Start of Block
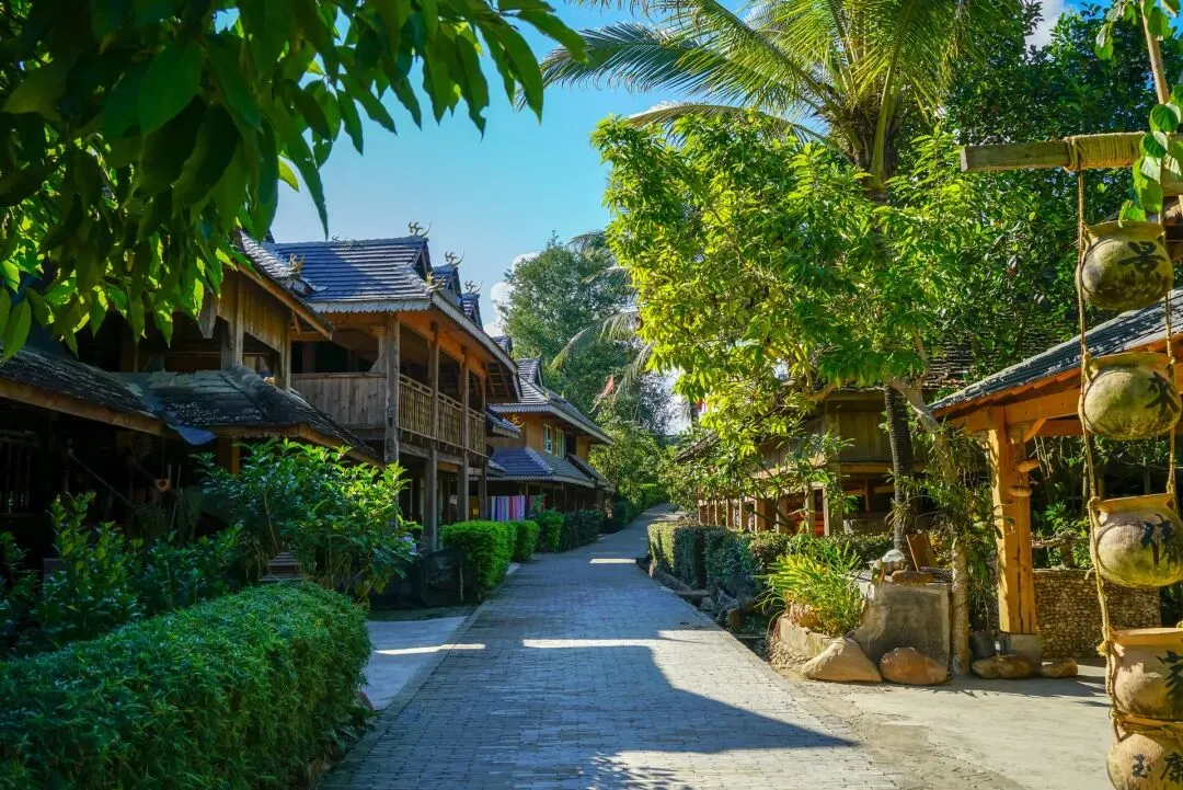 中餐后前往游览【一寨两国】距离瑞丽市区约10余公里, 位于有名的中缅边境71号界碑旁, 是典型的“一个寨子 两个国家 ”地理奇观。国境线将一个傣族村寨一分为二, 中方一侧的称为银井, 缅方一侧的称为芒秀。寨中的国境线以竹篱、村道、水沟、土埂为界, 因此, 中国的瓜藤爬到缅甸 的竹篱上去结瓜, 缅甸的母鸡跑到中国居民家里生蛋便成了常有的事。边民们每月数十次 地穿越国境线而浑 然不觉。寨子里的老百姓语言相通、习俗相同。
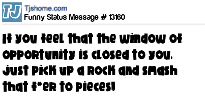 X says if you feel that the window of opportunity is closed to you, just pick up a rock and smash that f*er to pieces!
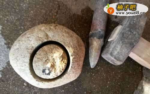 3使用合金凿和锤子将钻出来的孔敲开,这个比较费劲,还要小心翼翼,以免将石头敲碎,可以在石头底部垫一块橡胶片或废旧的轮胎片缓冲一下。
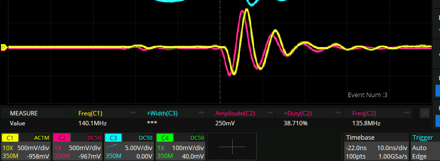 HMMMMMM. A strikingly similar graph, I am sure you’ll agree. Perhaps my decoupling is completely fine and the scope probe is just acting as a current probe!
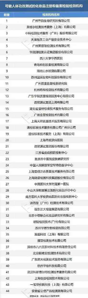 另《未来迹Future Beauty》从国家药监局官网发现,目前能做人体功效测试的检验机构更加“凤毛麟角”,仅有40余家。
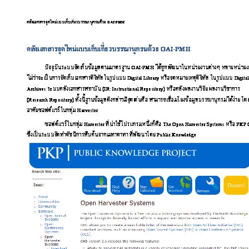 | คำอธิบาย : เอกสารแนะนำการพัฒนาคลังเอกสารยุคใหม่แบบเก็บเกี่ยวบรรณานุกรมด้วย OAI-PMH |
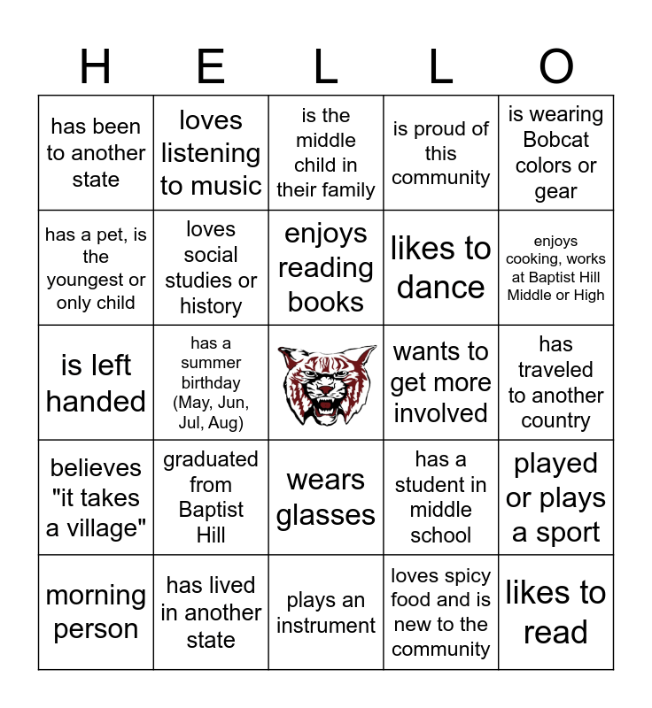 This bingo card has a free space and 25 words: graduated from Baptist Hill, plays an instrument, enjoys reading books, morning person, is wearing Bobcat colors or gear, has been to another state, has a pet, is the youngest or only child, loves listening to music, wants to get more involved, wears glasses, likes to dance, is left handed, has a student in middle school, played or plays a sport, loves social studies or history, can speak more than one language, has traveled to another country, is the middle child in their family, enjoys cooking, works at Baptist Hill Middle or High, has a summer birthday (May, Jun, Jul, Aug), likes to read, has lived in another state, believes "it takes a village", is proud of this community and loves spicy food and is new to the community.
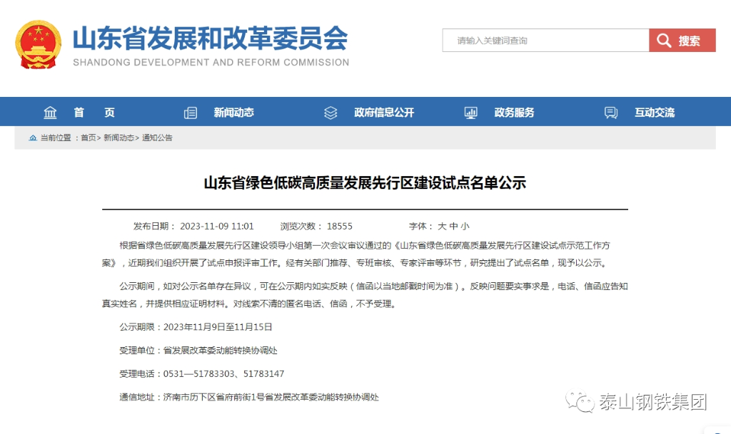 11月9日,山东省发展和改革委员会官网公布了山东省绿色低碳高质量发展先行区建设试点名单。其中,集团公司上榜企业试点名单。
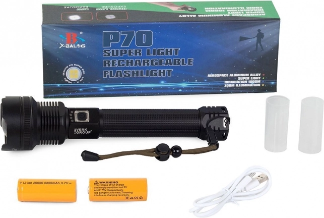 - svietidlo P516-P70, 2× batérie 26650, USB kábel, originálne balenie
End of Block
Start of Block
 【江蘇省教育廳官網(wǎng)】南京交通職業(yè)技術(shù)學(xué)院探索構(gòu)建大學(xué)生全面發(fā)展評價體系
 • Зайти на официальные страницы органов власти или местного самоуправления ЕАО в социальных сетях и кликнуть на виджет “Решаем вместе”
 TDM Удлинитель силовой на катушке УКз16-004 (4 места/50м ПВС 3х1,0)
End of Block
Start of Block
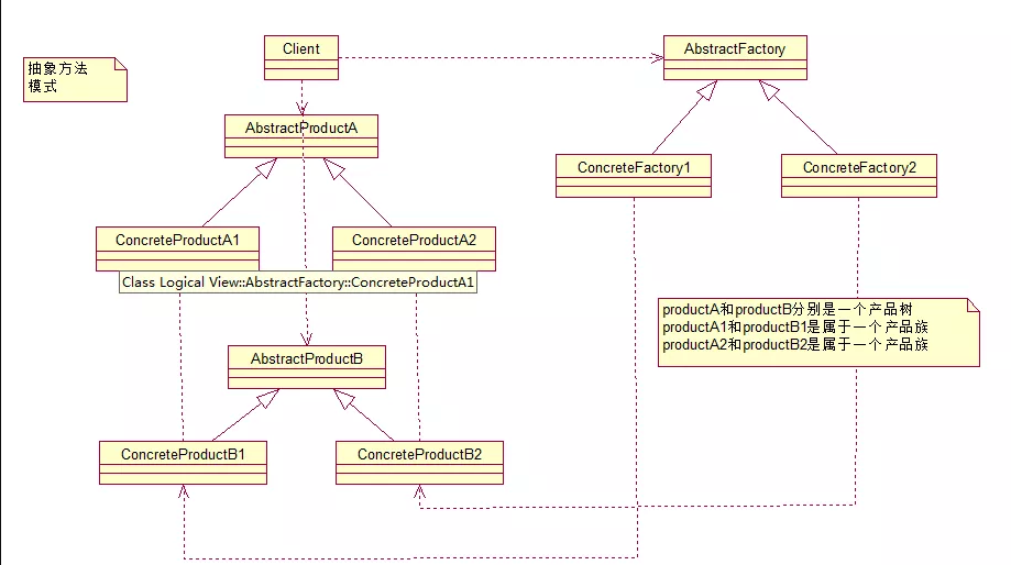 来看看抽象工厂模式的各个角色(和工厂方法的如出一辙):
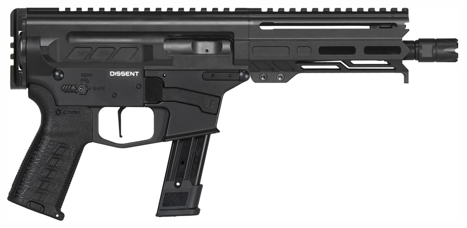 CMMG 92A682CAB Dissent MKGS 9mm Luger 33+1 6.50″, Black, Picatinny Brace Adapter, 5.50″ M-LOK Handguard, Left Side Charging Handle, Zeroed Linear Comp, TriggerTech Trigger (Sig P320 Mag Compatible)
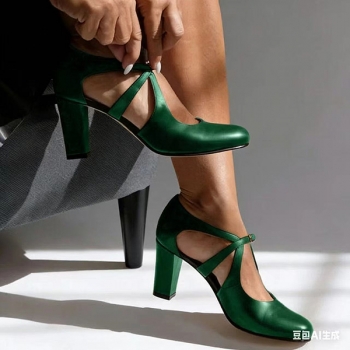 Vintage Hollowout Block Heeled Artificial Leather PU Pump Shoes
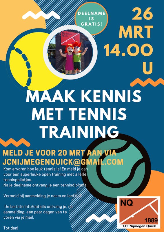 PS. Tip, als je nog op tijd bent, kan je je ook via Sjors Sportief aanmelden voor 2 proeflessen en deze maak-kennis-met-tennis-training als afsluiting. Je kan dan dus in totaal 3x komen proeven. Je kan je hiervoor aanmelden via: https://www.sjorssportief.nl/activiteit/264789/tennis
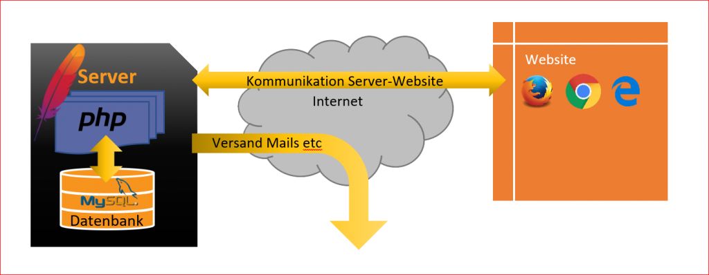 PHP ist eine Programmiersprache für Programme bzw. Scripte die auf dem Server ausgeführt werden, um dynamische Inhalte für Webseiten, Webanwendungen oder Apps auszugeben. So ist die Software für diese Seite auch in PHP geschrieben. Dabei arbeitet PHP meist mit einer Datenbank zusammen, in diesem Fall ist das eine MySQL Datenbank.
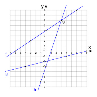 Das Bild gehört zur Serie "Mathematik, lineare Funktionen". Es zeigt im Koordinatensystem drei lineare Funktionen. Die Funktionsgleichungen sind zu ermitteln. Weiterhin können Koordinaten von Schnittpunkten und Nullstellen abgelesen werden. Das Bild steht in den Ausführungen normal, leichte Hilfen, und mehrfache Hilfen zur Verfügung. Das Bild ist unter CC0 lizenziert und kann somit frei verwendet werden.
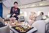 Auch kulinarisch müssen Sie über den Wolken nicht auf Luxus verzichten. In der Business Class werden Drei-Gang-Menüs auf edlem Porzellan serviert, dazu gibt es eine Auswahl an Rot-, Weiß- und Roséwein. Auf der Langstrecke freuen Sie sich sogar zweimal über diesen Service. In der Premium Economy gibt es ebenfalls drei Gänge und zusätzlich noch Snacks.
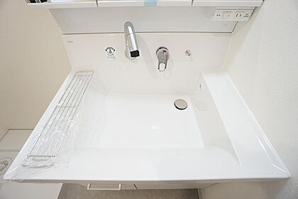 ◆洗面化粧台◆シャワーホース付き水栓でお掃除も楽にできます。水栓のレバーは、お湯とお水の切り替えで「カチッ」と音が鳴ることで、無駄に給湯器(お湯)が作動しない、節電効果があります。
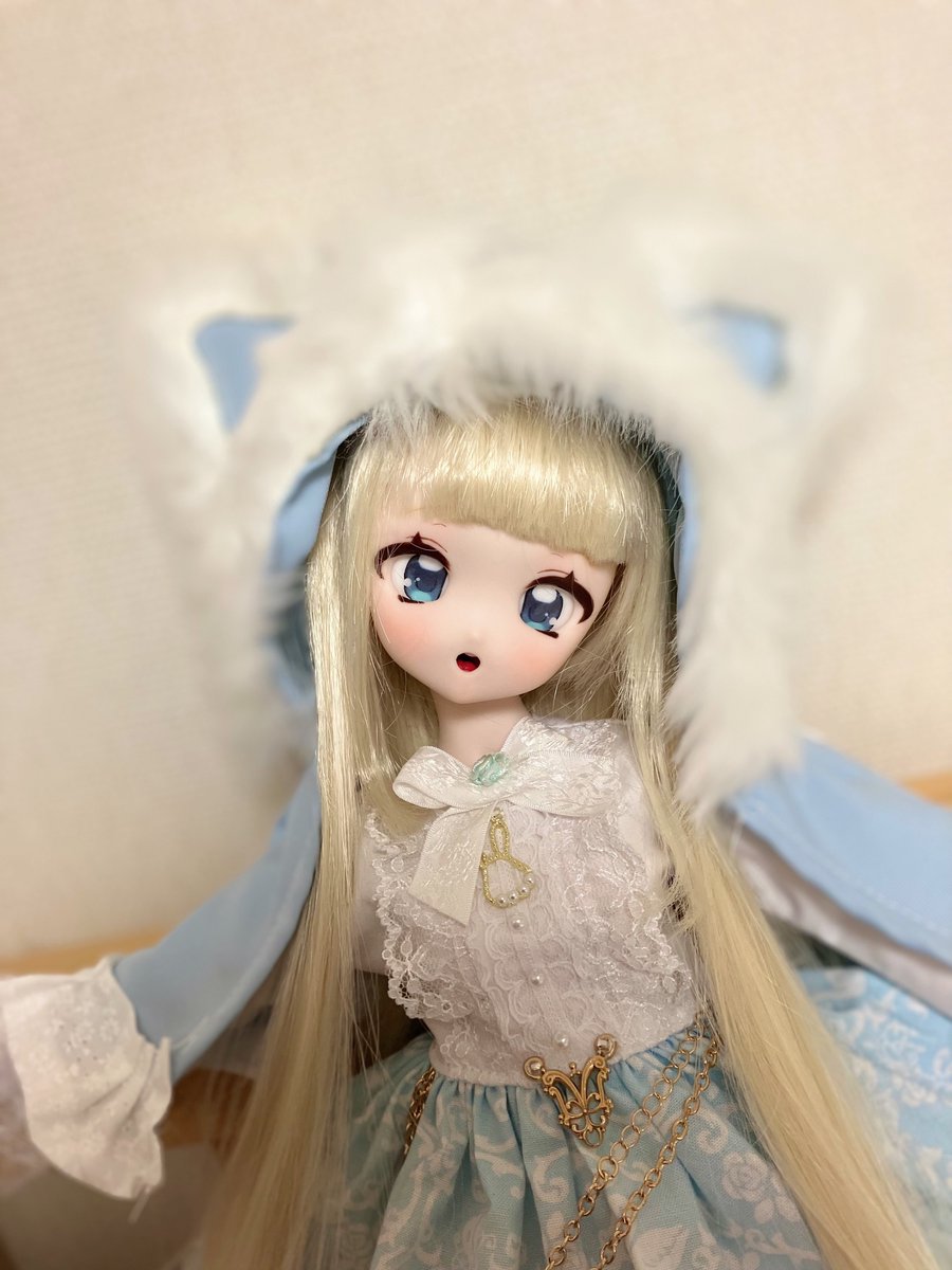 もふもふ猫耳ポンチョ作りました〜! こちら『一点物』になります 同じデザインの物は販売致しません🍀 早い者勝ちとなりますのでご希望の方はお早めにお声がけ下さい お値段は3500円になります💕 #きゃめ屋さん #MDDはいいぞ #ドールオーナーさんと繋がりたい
End of Block
WORK ORDER
Look above for the line with "Vintage Hollowout Block", then print it and each line after it down to and including the line with "PS. Tip, als". Leave out the pictures and keep the wording exact.

YOUR SOLUTION
 Vintage Hollowout Block Heeled Artificial Leather PU Pump Shoes
 PS. Tip, als je nog op tijd bent, kan je je ook via Sjors Sportief aanmelden voor 2 proeflessen en deze maak-kennis-met-tennis-training als afsluiting. Je kan dan dus in totaal 3x komen proeven. Je kan je hiervoor aanmelden via: https://www.sjorssportief.nl/activiteit/264789/tennis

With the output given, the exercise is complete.